We will of course be doing our best to share the info and presentations after the conference, but if you are near Santa Clara, or are visiting the conference anyway, please drop by the booth and meet the team.

Continuent Product Release Webinar on May 3, 2017 at 9am PST/1pm EST/5pm BST

We are holding another product release webinar on the 19th April where we will look back at some of the issues and challenges in 4.0.7 and how we are approaching 5.1.0, and our new release schedule.

We’ll also give you a sneak peek at 5.1.0 features and a look forward a few months to the upcoming releases in this quarter, and maybe even some experimental items.

Also, of course, you’ll get a chance to ask questions.

Improving Replicator Status and Usability

One of my own personal frustrations with the replicator (and at different times clustering) is that when we are executing large transactions and trying to identify what the transaction error is for a specific issue, sometimes it can be very difficult to see what is going on and why the replicator seems ‘stuck’. Furthermore, the status output from the trepctl command is not really very useful, since it shows a lot of information that is not helpful in comparison to the few statistics you really want.
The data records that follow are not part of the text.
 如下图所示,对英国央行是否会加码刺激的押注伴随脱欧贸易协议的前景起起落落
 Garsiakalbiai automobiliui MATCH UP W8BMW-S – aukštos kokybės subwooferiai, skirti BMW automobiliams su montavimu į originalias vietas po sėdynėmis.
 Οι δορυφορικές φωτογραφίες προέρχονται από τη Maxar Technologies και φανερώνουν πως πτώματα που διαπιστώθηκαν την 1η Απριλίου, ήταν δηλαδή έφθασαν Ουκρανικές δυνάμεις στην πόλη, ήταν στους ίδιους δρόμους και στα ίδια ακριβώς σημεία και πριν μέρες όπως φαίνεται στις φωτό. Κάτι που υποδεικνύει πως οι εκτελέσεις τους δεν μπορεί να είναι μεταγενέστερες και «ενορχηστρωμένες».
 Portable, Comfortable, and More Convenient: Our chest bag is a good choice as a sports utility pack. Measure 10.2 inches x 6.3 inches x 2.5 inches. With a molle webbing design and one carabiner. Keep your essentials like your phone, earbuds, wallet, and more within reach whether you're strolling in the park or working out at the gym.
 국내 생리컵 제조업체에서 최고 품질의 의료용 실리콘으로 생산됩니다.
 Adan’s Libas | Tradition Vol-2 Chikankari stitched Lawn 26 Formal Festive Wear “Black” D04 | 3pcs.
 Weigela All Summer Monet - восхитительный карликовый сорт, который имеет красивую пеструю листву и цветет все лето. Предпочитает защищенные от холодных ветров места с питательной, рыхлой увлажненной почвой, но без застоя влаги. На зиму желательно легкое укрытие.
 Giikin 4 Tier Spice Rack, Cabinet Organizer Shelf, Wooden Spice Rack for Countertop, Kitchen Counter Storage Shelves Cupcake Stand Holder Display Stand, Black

So, we’ve done two things that will appear in an upcoming release (probably 5.2.0). Getting information about the THL is the first step, and the best way to do that is to extend the usability of the thl command. There are a few different elements to this, so first we’ve added more ways to select the THL entries. In 5.1.0, we’ve already added aliases from the ‘-low’ and ‘-high’ options to the more user friendly ‘-from’ and ‘-to’ options:

$ thl list -from 45 -to 65
In 5.2.0 we’ve added -first and -last, and these both default to showing one single transaction (either the first or last stored), or you can supply a number and get the first or last N transactions:

$ thl list -last 5
This helps pin down a transaction more easily, and makes it quicker to view a failing transaction instead of doing ‘thl list -low 575’, then ‘thl list 588’, etc. to get the one you really want.
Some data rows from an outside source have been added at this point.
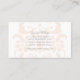 Simples com elegância profissional descreve este sofisticado Cartão de visita de Damasco Sutil com um fundo luminoso damask florescente. Essa tendência e a cartão de visita moderna são perfeitas para uma butique de grande escala ou um campo criativo, como o design de interiores, e podem ser facilmente personalizadas com seus detalhes comerciais. Para obter mais opções de personalização, clique no botão Personalizar Ti.
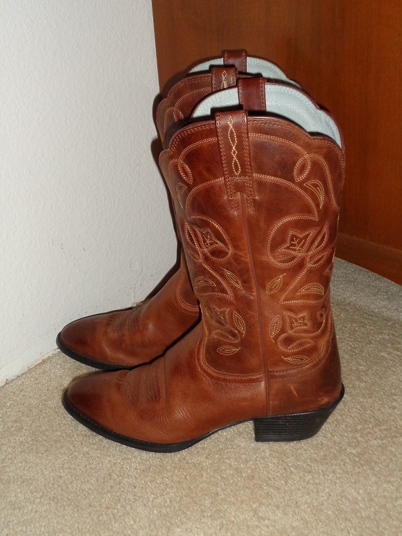 Ever since I bought myself a pair of cowboy boots for my birthday last fall, I have had that Toby Keith song, Should’ve Been A Cowboy, in my head. Daddy did always say that he wanted to teach us to “Ride hard, shoot straight, and speak the truth.” [Later we added “drive stick shift” to the list.] The “ride hard” part was always figurative. In recent years, though, I have become interested in learning to ride. This has led to a plan to go to a dude ranch. One of the first things I discovered was that, in order to ride, you need proper boots. And so it was that I purchased myself a pair of genuine Western style cowboy boots.
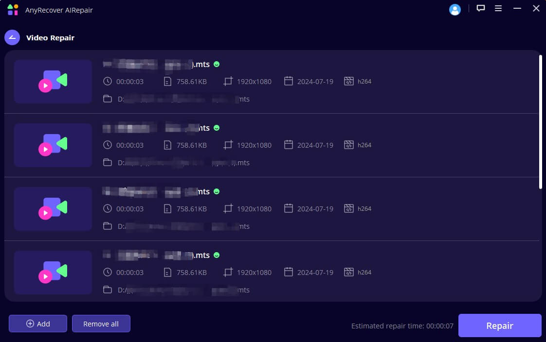 Any Recover Airepairは、できる包括的なビデオ修理ソリューションですビデオの破損のレベルを修正しますそしてビデオの品質を向上させます再生エラー、コードの壊れたビデオの壊れたビデオなどを含む。高度なアルゴリズムとユーザーフレンドリーなインターフェイスを備えているため、いくつかの簡単なクリックで破損した録音を修復できます。
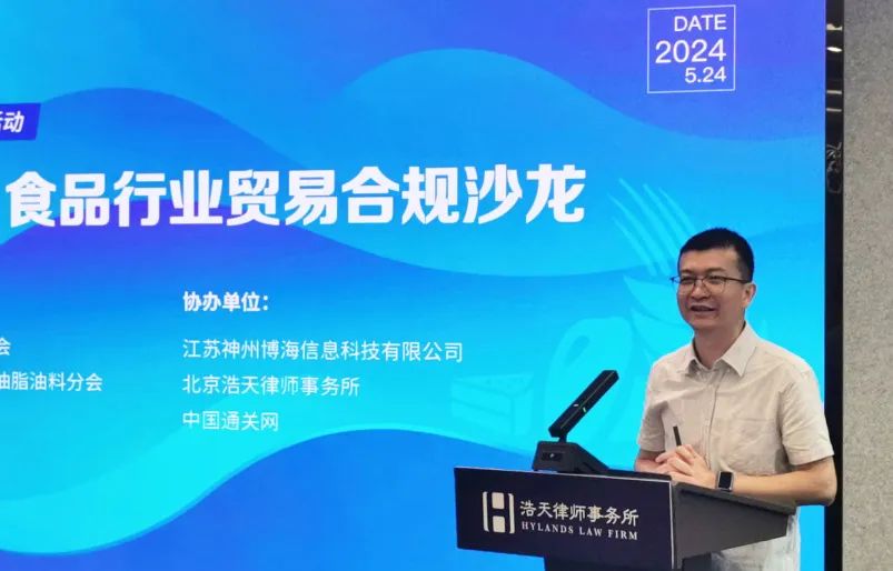 紧接着,北京浩天律师事务所赵晶律师以《关税法》的出台为背景,结合农产品、食品行业易发多发的海关违法典型案例,就进出口企业如何加强关务合规管,防范违规风险给出了建议。

These positioning requirements also work with other options, so if you extracted or applied a bad or corrupted single transaction (for example, because of a disk full error) and need to remove the last one, you can do:

$ thl purge -last
...without first having to work out which one is the last one!
From a large-transaction standpoint, we’ve also added a summary view of the size of transactions. So when you have a massive single transaction (thousands, hundreds of thousands or millions of rows) over one or more sequences, you can now check the transaction size without trying to judge from the output of ‘thl list’. For example, with a single massive transaction you can get a summary to understand the overall size:

$ thl list -sizes
1384 121 2017-04-07 10:09:31.0 125 chunks SQL 0 bytes (0 avg bytes per chunk) Rows 19072 (152 avg rows per chunk)
1384 122 2017-04-07 10:09:32.0 123 chunks SQL 0 bytes (0 avg bytes per chunk) Rows 19216 (156 avg rows per chunk)
1384 123 2017-04-07 10:09:32.0 123 chunks SQL 0 bytes (0 avg bytes per chunk) Rows 19266 (156 avg rows per chunk)
1384 124 2017-04-07 10:09:32.0 90 chunks SQL 0 bytes (0 avg bytes per chunk) Rows 14209 (157 avg rows per chunk)
Event total: 15421 chunks 0 bytes in SQL statements 2401906 rows

So if you do a trepctl status and see transaction 1384 is being processed, but the replicator is not doing anything, at least we now know that with 2.4 million rows it’s going to take a while to apply.

And, of course, the new position options work too:

$ thl list -sizes -last
...gets you the size of your last transaction.

In terms of the overall replicator status, because of the way the replicator works, it’s difficult to get information mid-transaction. The replicator is a state machine, and status is only reported at the end of the transaction. However, we’ve added a simple indication that the replicator is processing and that we know it’s still working by showing how long we’ve currently been applying an event:

$ trepctl status -name tasks
timeInCurrentEvent    : 379.218

It’s not hugely descriptive, but you can see how long we’ve been processing the current event, and know we haven’t hit an error (or the status would be offline). Match that with a quick thl sizes command on the current event and you can make a quick ‘oh, it’s just a big transaction’ determination.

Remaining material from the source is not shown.